What should we value in this life?

“The world is in a great dream and but few are awake in it.”

The above is a quote from William Law’s A Serious Call to a Devout and Holy Life (1729). Describing our world as being in a “great dream” is very fitting; there is a lack of permanence, even an unreality, in all that we see. Our bodies will grow old and die and decay. Things we build may outlast us, but not for long. Even great things like our nation and our economy are temporal—if life continues long enough on this earth they will fall and be forgotten; if Christ returns only that which abides in Him will remain. Either way everything on this earth that we see, experience, and contribute to will someday be no more.

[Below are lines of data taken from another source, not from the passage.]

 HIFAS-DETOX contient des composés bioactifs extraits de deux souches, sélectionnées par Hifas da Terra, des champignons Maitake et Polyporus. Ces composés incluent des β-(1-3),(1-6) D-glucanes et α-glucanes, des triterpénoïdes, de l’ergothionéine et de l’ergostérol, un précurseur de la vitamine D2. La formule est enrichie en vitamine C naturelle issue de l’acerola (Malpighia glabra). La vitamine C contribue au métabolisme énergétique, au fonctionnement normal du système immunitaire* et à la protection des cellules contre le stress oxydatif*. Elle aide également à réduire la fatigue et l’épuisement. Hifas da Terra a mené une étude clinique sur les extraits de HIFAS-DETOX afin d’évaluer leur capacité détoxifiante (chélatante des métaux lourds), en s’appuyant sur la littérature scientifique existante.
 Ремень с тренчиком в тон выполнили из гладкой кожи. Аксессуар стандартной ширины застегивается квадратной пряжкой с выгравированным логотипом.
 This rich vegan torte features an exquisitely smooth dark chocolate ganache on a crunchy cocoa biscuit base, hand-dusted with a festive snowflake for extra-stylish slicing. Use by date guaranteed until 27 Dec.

And yet most people hold on to these things and treat them like ultimate ends. How many people show more concern for the government of this country, a government that will ultimately fall and be no more, than they do for God’s Kingdom, a Kingdom that will forever endure? How many people are more concerned about what their friends think of them than what God thinks of them? How many people pay more attention to the state of their car than the state of their soul? They are dreaming. And like everyone in a dream, they treat their dream as if it is the ultimate reality.

It is particularly interesting and often painful to witness people recognizing that there must be something more than this dream, but not having the knowledge or hope of anything greater, and so living in despair. This is a constant theme in our art. For example, consider the following from one of Beck’s songs: “I just hold on to nothing / To see how long nothing lasts.” To see that everything on this earth is ultimately nothing, yet to hold on to it nonetheless out of despair that there is nothing more—that is depressing stuff. This is a person to whom the Gospel would be very good news!

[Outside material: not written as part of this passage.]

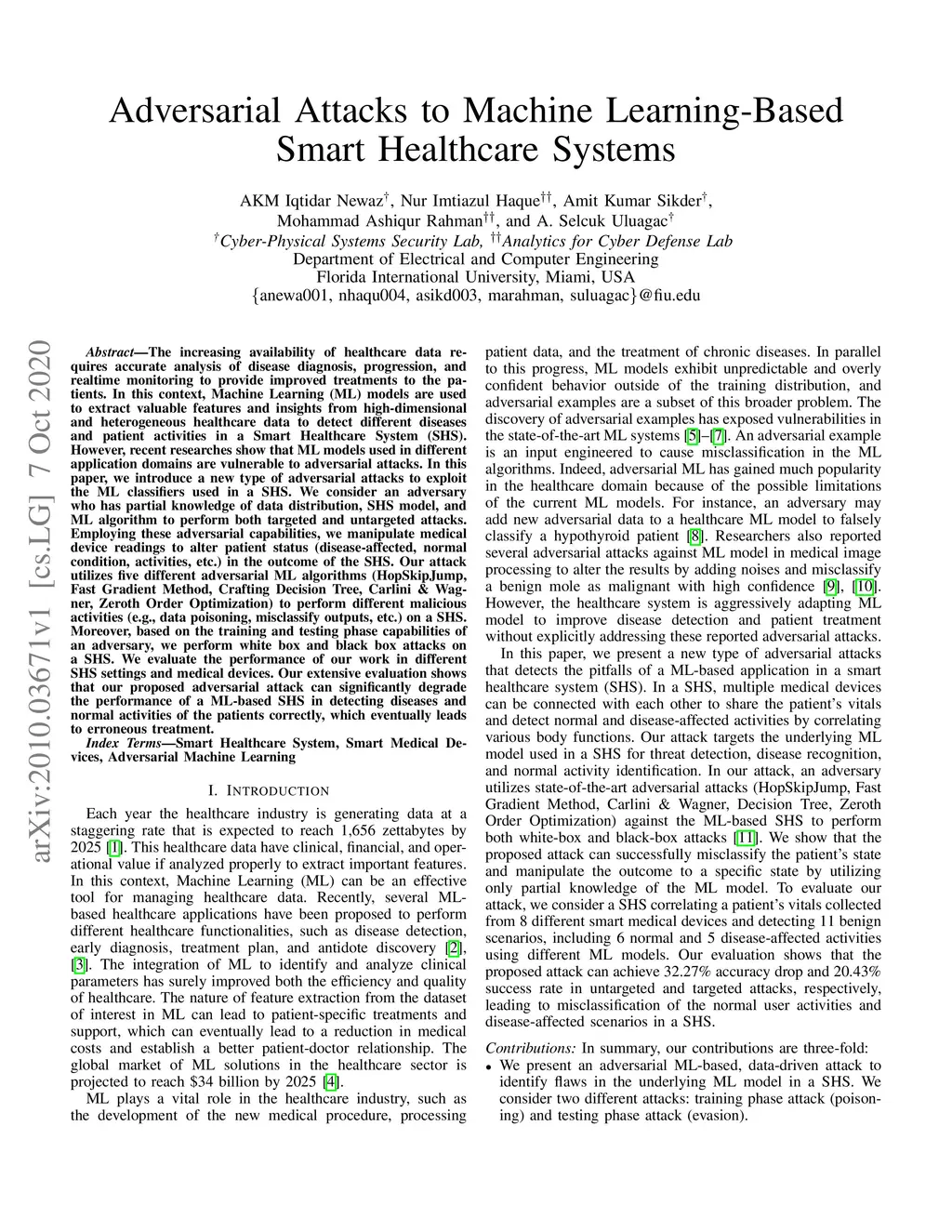 Adversarial Attacks to Machine Learning-Based Smart Healthcare Systems

Or consider the following from Conor Oberst: “I’m so bored with my life, but I’m still afraid to die.” This is an honest sentence if I ever heard one, and I believe it to be the true, though unspoken, opinion of most people. Without Christ there is no purpose, no comfort—there is ultimately nothing. To quote my favorite nursery rhyme, “Life is but a dream.”

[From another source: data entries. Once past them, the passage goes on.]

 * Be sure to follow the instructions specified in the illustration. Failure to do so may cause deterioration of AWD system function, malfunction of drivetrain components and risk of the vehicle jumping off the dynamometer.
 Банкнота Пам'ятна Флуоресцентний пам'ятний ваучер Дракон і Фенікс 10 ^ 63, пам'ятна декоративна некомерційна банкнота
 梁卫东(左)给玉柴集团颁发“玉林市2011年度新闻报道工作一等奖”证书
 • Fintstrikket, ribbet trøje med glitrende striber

I say all this to highlight two very important purposes of Christian education.

First, Christian schools can partner with parents to teach children that there is an abiding reality beyond this world. Many treat this life as if it is all there is, but they are in a great dream; there is a reality beyond what we now see and experience, and this reality is everlasting and eternal. When everything we watch and listen to treats this world as the final reality, it is easy to be influenced by this thinking. Christian schools seek (or at the very least ought to seek) to swim against that current and help children grow the muscle they will need to swim upstream.

Second, as Christ said in Luke 10, “The harvest is plentiful.” People are desperate. Many see the futility of this life, of this world, yet without the Gospel message they will continue “to hold on to nothing.” I hope that my students will graduate with both the ability and the desire to share the Gospel with the countless lost out there who need it, but who live in such blindness that they don’t even know what they need.